TASK ITEM>
Restate each entry exactly, without pictures.

SUPPLIED MATERIAL START

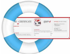
1 Jahr / 3 Jahre Basic Support
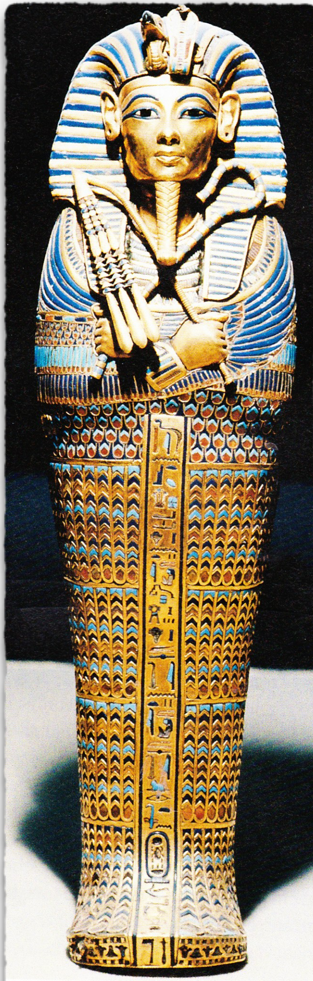
Sarkophag mit der Totenmaske des Pharaos Tutenchamun
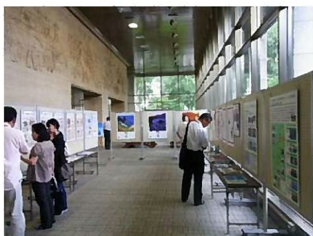
●北海道遺産10周年PR・ほっかいどうムラの宝物パネル展(道庁1階)
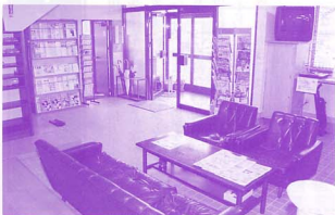
▲広々としたサロン室玄関を望む
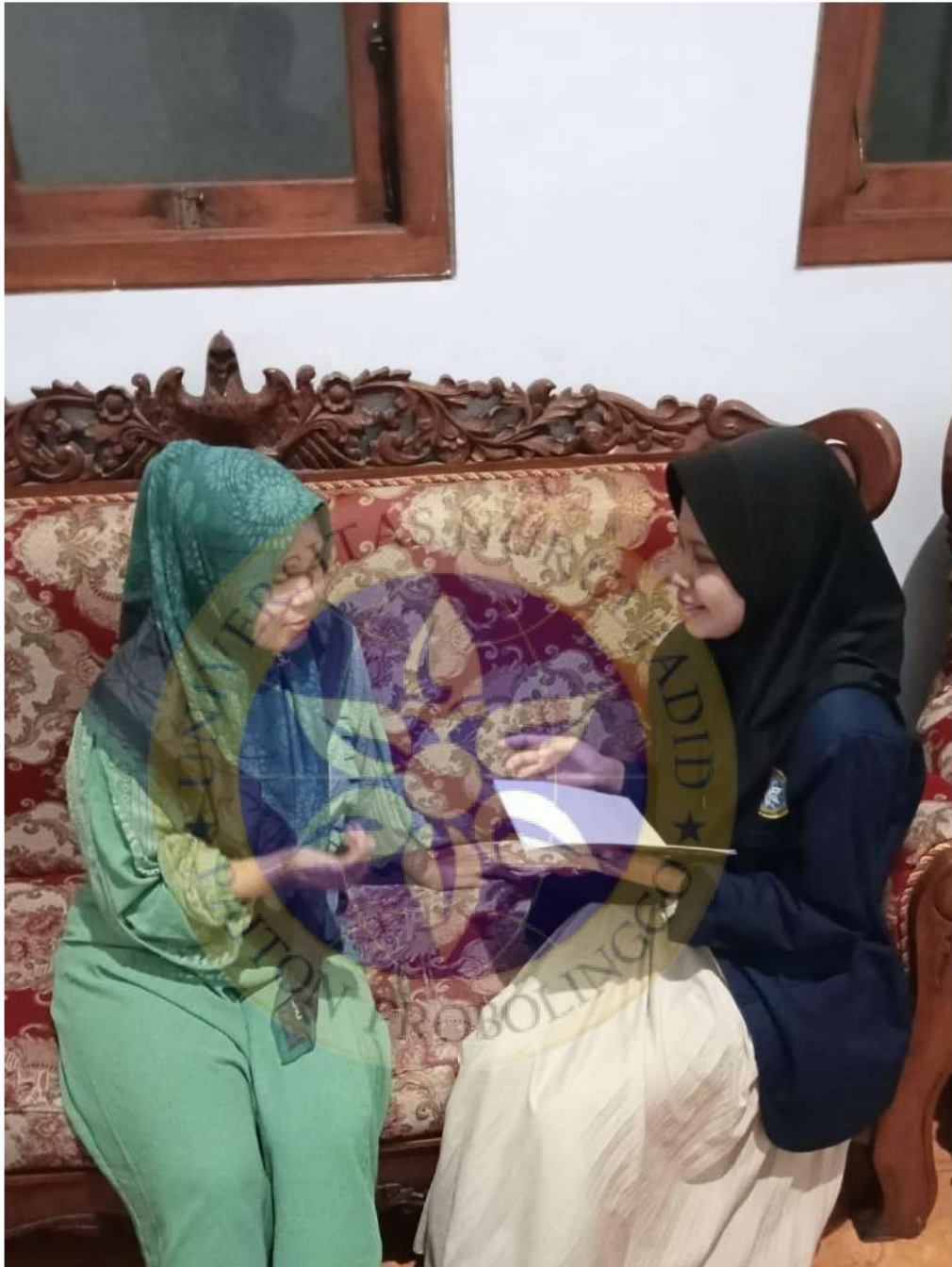
Wawancara Peneliti Dengan Konsumen Usaha King Geprek Sumberanyar
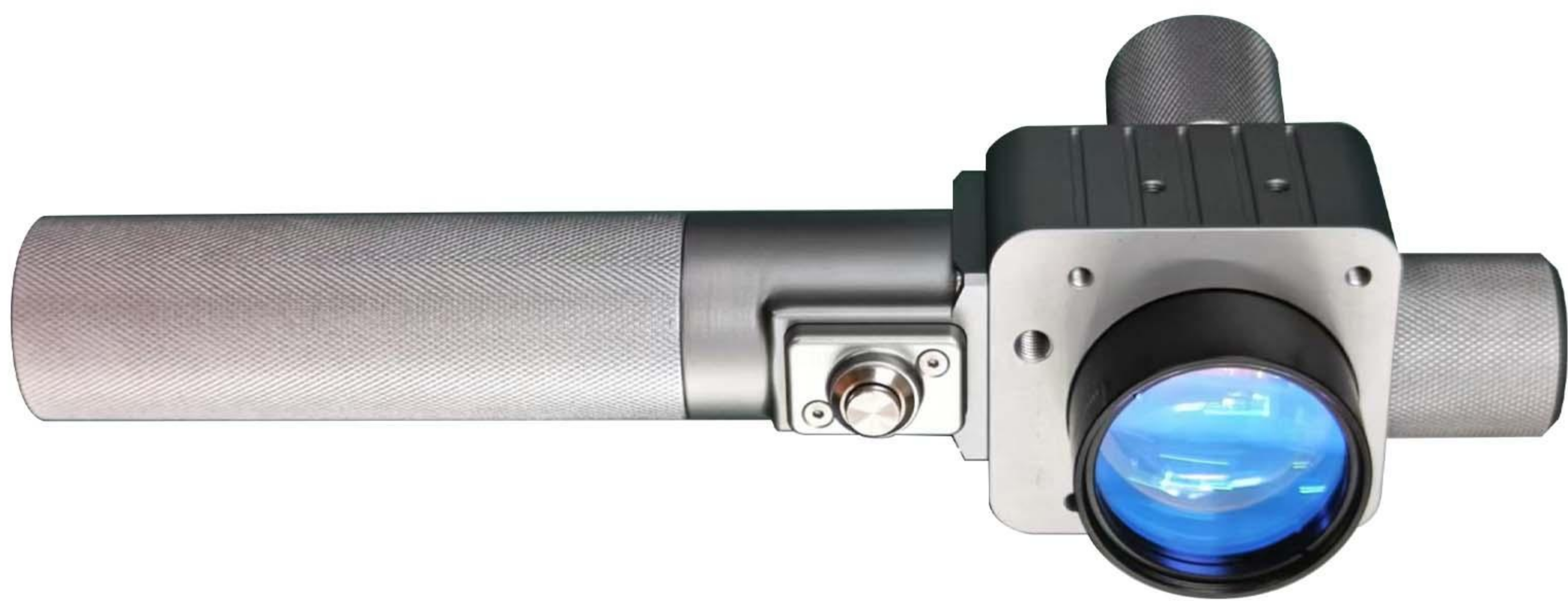
手持头尺寸: 260mm * 65mm * 83mm

SUPPLIED MATERIAL END

RESPONSE BELOW>
1 Jahr / 3 Jahre Basic Support
Sarkophag mit der Totenmaske des Pharaos Tutenchamun
●北海道遺産10周年PR・ほっかいどうムラの宝物パネル展(道庁1階)
▲広々としたサロン室玄関を望む
Wawancara Peneliti Dengan Konsumen Usaha King Geprek Sumberanyar
手持头尺寸: 260mm * 65mm * 83mm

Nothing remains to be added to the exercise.